L’air un peu bénet, s’égouttant comme un arbre, l’ancien noceur accepte avec résignation toute cette eau qui lui tombe. Ses lèvres remuent ; il ne voit pas l’auberge ; il ignore qu’il y en ait une et comme Fons, son ancien camarade, se risque dehors et lui tire sa casquette, il répond du tricorne, d’un geste grave qui ne se souvient plus.

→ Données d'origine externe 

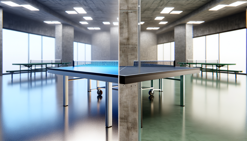 میز تنیس شیشهای معمولاً از شیشههای نشکن ساخته شده است که به نسبت سبکتر و زیباتر به نظر میآید، در حالی که میزهای سیمانی بسیار سنگین و مقاوم هستند. شیشهای بودن میزهای تنیس نشکن به کاهش آسیبپذیری در برابر ضربه کمک میکند و موجب کاهش پوسیدگی و زنگزدگی میگردد. از طرف دیگر، میزهای سیمانی به شدت مستحکم هستند و برای فضای خارج از منزل مناسبند. با این حال وزن زیاد آنها ممکن است جابجایی را دشوار کند.

Le père Isidore est un moine très pieux : c’est le saint du couvent, mais il chante faux. Pendant sa messe, à peine a-t-il ouvert la bouche pour chanter « Oremus », qu’il n’a déjà plus le ton, tantôt trop haut, tantôt trop bas. Le père Herman, qui le soutient à l’harmonium, a beau lui tendre l’une après l’autre ses notes, il les rate avec une si belle précision, que l’on se demande, en fin de compte, si ce n’est pas l’organiste qui bafouille.
— Je suis, dit le père Isidore, le Terre-Neuve du bon Dieu.
Il entend par là qu’il a déjà sauvé beaucoup d’âmes.
Lorsque, dans la région, quelqu’un va mourir, ce n’est pas au curé, mais au père Isidore que l’on pense. Comme pour le médecin, on peut arriver à n’importe quelle heure : il prend son chapelet, son bréviaire, une croix — sa trousse à lui — et part.
Il a de si bonnes lèvres qu’en le voyant on a moins peur de mourir :
— Prenez courage, dit-il, vous verrez Dieu bientôt.
Il en a soigné tant qu’il juge, mieux qu’un médecin, si la fin est proche ou s’il faudra revenir. Il sait quand il doit commencer les prières des agonisants, allumer le cierge, le fourrer entre les doigts du malade. Et tandis que celui-ci tantôt semble expirer, tantôt reprendre un peu de souffle, le bon père précipite ou ralentit ses prières, de façon que son dernier « Amen » tombe tout chaud, à la sortie, sur cette âme et que le diable ne la puisse prendre.
À ceux qui restent :
— Ne pleurez pas, dit-il, il est au ciel.